# Food variety



## sueb4653 (Aug 8, 2012)

What varieties of food are out there?

this what mine have got so far

hydei

house flies

BB

crickets

grasshoppers

silk worms

moths

what do you feed?


----------



## Bug Trader (Aug 8, 2012)

butterfly's, honeybee's, mayflies and others stuff like that


----------



## Crazy4mantis (Aug 8, 2012)

anything I can find. :lol: don't forget melanogasters.


----------



## patrickfraser (Aug 8, 2012)

No roaches listed? Dubia and hisser roaches are the kind I keep.


----------



## Bug Trader (Aug 8, 2012)

They are illegal in TN we had to give up the roach cultures when we moved here. The arachnids never forgave us.


----------



## sueb4653 (Aug 8, 2012)

I dont know if I could do roachs just the thought ewwww


----------



## frogparty (Aug 8, 2012)

Silkworms, wax moths, bbs, hfs, fruit flies, crickets for certain species,


----------



## mantisboy (Aug 10, 2012)

For L6 and Up:

Crickets

BBs

Houseflies

Green Lacewing

Grass Hoppers

Female Katydid

Cabbage Butterflies


----------



## Mime454 (Aug 10, 2012)

Is it easy to culture roaches? Are they smelly?


----------



## Saebjorn9 (Aug 10, 2012)

crickets, wax worms, wax moths, blue bottles, mealworms, sometimes honey as a little treat. Anytime I'm outside I look for something new for my mantises to try.


----------



## Mvalenz (Aug 11, 2012)

Fruit flies, house flies, crickets, cats, dogs, small children.


----------



## Bug Trader (Aug 11, 2012)

Dubia are rather clean and easy to culture, They need a damp media in the bottom there are some good options that make cleaning easy, egg crate ran vertically in the culture to allow for more ground coverage for them. There are pre made diets only thing is they take a good 6 months to mature so buy adults to start with. you can usually get a decent breeder package with adults and nymphs of all sizes for a good price. They are however becoming illegal in quite a few states.


----------



## patrickfraser (Aug 11, 2012)

LOL. Bringing up the legality issue is funny, seeing as what we feed them to. :lol:


----------



## Bug Trader (Aug 11, 2012)

True, but I know people who had their house raided AND are facing charges, some went to jail for dealing roaches.....And the laws are enforced on them unlike the mantids.


----------



## patrickfraser (Aug 11, 2012)

I guess you're safe if you're not dealing. I only keep for personal use. They could never stick me with "dealing" charges.


----------



## Bug Trader (Aug 11, 2012)

Yeah dont go posting them for sale on a forum or KingSnake with your actual location posted when its a state that has outlawed them., Thats how they were caught,


----------



## JSaff86 (Aug 12, 2012)

i like to every now and then feed mine raw beef. just get some tweezers and put it up to there mouth and they start eating


----------



## Sticky (Sep 11, 2012)

I feed mine bbs wild moths and others at times. I also hand feed mine milk,honey and powdered bee pollen I grind myself.It has kept my old mantis Sticky alive after he has stopped eating bugs.

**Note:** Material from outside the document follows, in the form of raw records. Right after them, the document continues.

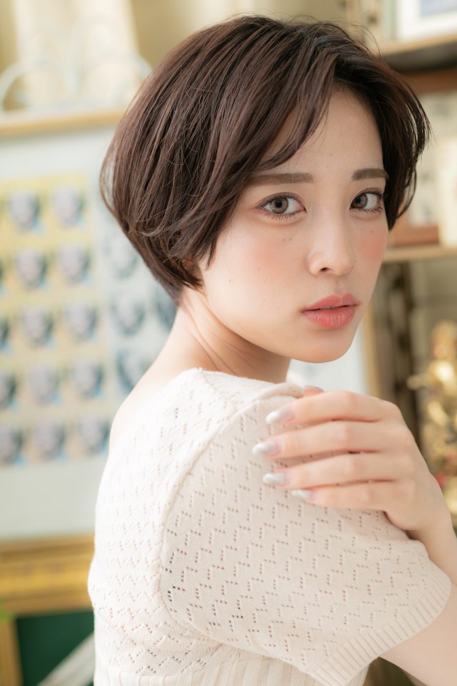 前下がりで小顔見せした丸みショート。ナチュラルボブやフェミニンボブ、大人ボブや前下がりボブ、ミニボブからのイメチェンに。斜めバングや厚めバングで目力UP。くせ毛風ゆるふわミディや耳かけウルフも大人かわいい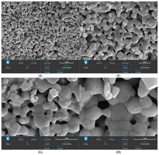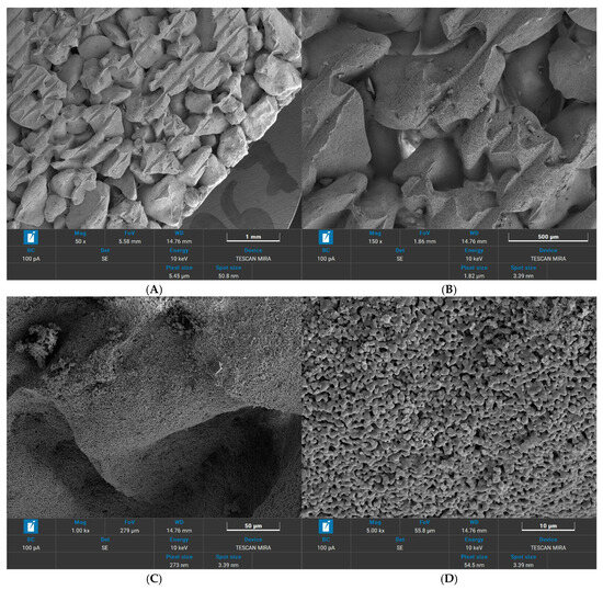 SEM images at various magnifications revealed the surface morphology of the Nanosynt Block. At low magnifications (Figure 3A–D), a uniform distribution of pores was observed, while at and high magnifications (Figure 3E–H), details of pore morphology and interconnection were visualized.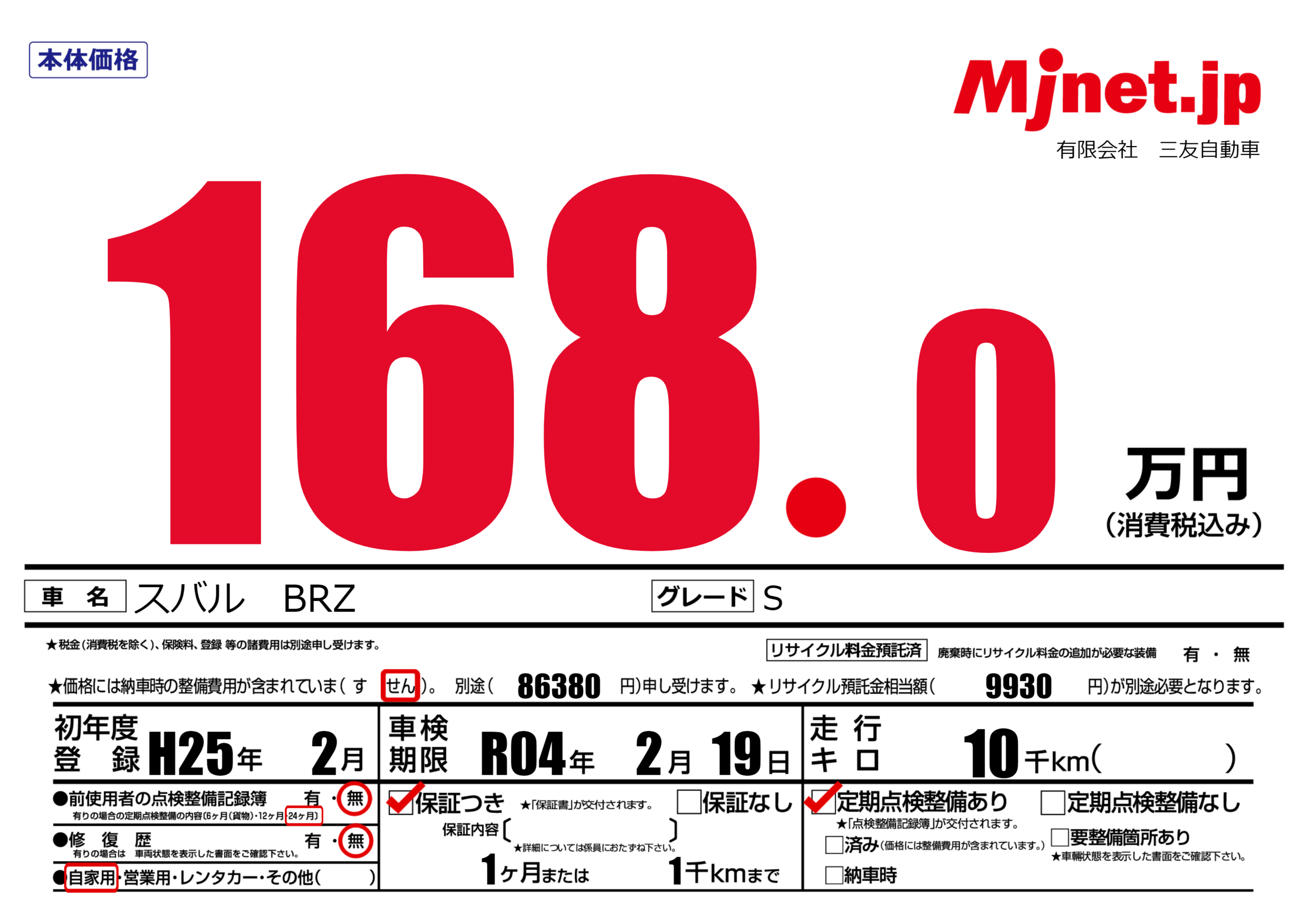 | 車名 | スバル BRZ | グレード ミッション 排気量 |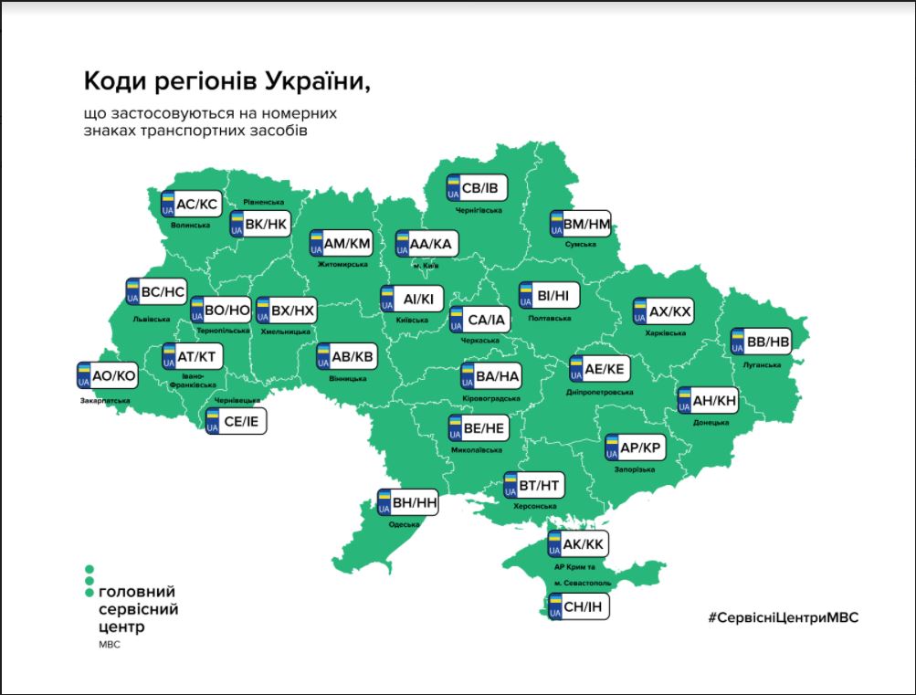 Згідно з наказом Міністерства внутрішніх справ України від 2 березня 2021 року, кожний сервісний центр МВС видаватиме номерні знаки лише своєї області, незалежно від місця прописки власника. Нові вимоги не поширюються на номерні знаки, які громадяни залишили на платному зберіганні в сервісному центрі МВС.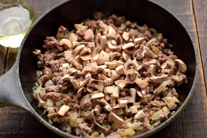 5. Pieczarki opłucz, drobno posiekaj, włóż na patelnię z mięsem mielonym i cebulą. Smaż mieszaninę często mieszając, aż płyn całkowicie wyparuje. Dopraw solą i pieprzem do smaku. Po usmażeniu ostudź nadzienie.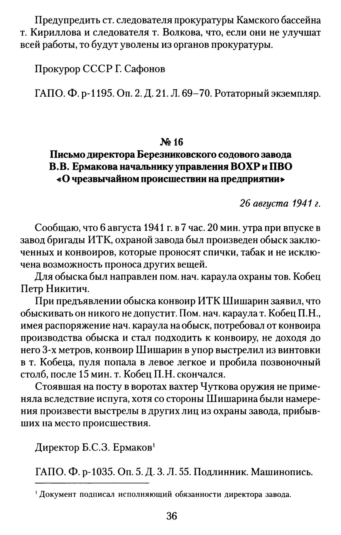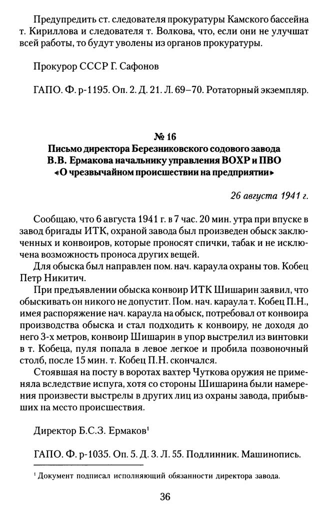 Письмо директора Березниковского содового завода В.В. Ермакова начальнику управления ВОХР и ПВО «О чрезвычайном происшествии на предприятии». 26 августа 1941 г. // ГАПО. Ф. р-1035. Оп. 5. Д. 3. Л. 55. Подлинник. Машинопись.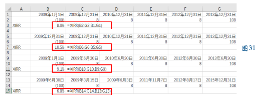 图31:四个例⼦演示了XIRR函数是如何基于不同 的时间线进⾏计算的。C3、C7、C11和C15中分别 显示了B3、B7、B11和B15中单元格中的公式。这 里的公式忽略了估计比率。

Has anyone given their mantids milk? My unckle Bob fed his milk with an eye dropped when he was a tee.They loved it and grew big and healthy on it. He gave them bugs too.


----------



## Mime454 (Sep 11, 2012)

Mine get wild caught food. Whatever I find in my yard during the day, or at my light at night. They all seem quite fat and healthy. Plus the feeders are naturally gut loaded.


----------